A 0.750-g sample of a compound that might be iron (II) chloride, nickel (II) chloride, or zinc chloride is dissolved in water, and 22.40 mL of 0.515 M AgNO3 is required to completely precipitate all the chloride ion as AgCl. Name the compound, and write its formula.

Answer: The compound is nickel (II) chloride.

NiCl2

Explanation:

Let's assume that the compound is X.

Then,

XCl2 + 2AgNO3 - --> X (NO3) 2 + 2AgCl

Given,

Volume of AgNO3 = 22.4ml = 0.0224L

Concentration of AgNO3 = 0.515M

no of moles = concentration x volume

:• n (AgNO3) = 0.515 x 0.0224

n (AgNO3) = 0.011536 mol

Therefore, no of moles of AgNO3 is 0.0011536mol

From the equation above, we can deduce that;

n (XCl2) = 1/2n (AgNO3)

:• n (XCl2) = 1/2 * 0.011536

n (XCl2) = 0.005768

Therefore number of moles of XCl2 is 0.005768 mol.

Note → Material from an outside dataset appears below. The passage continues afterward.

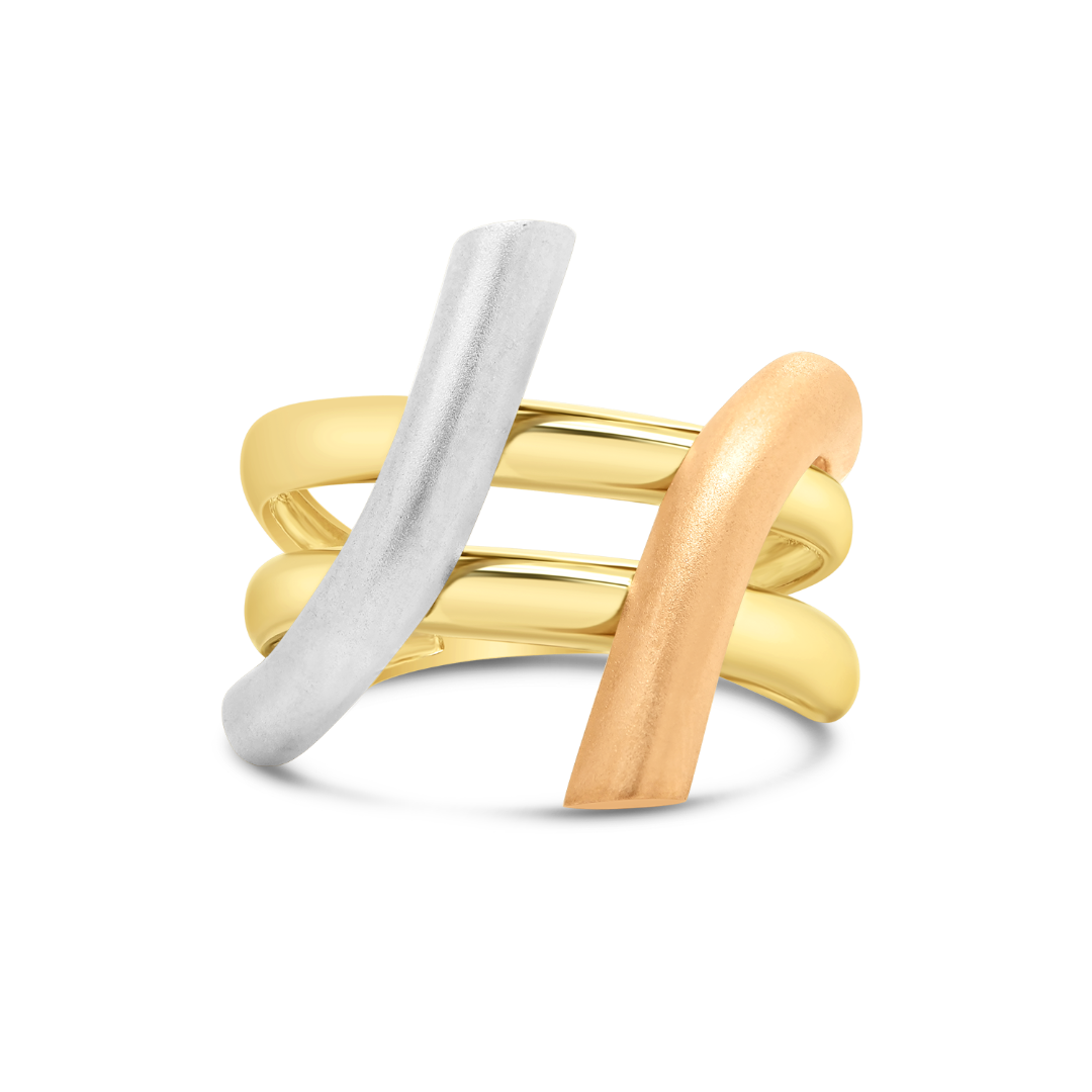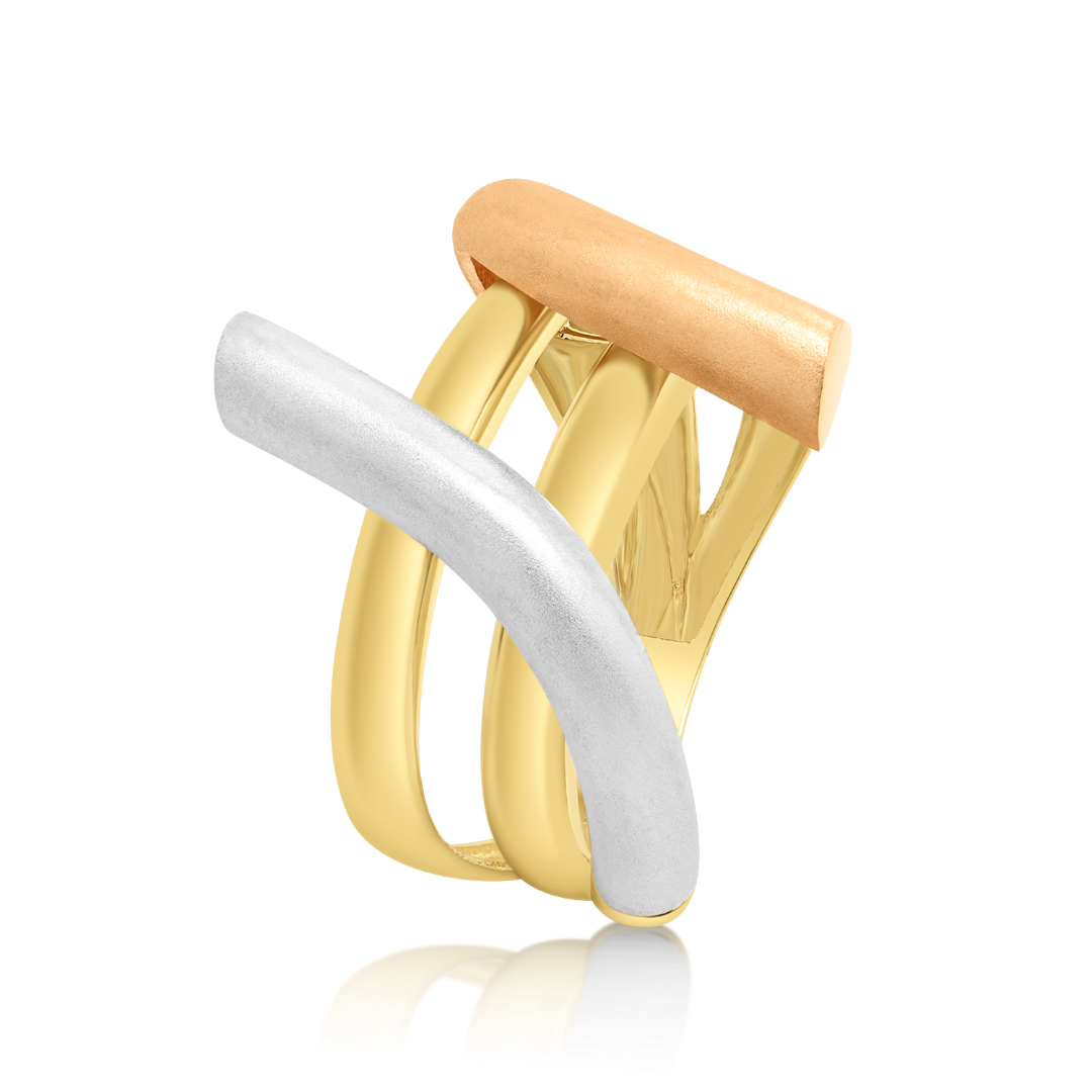 Inel din aur galben de 14K cu elemente satinate din aur alb si roz.

Mass, m, of XCl2 = 0.75g (Given)

Molar mass = mass / no of moles

Molar mass of XCl2 = 0.75/0.005768

:• molar mass of XCl2 = 130.03g/mol

Molar mass of Cl = 35.453

Cl2 = 2 x 35.453 = 70.906

Molar mass of XCl2 = M. mass of X +

M. mass of Cl2

:• 130.03 = M. mass of X + 70.906

Molar mass of X = 130.03 - 70.906

Molar mass of X = 59.1

By comparing to literature, we can conclude that X is Nickle, Ni.

Therefore, the compound is NiCl2, Nickle (II) Chloride.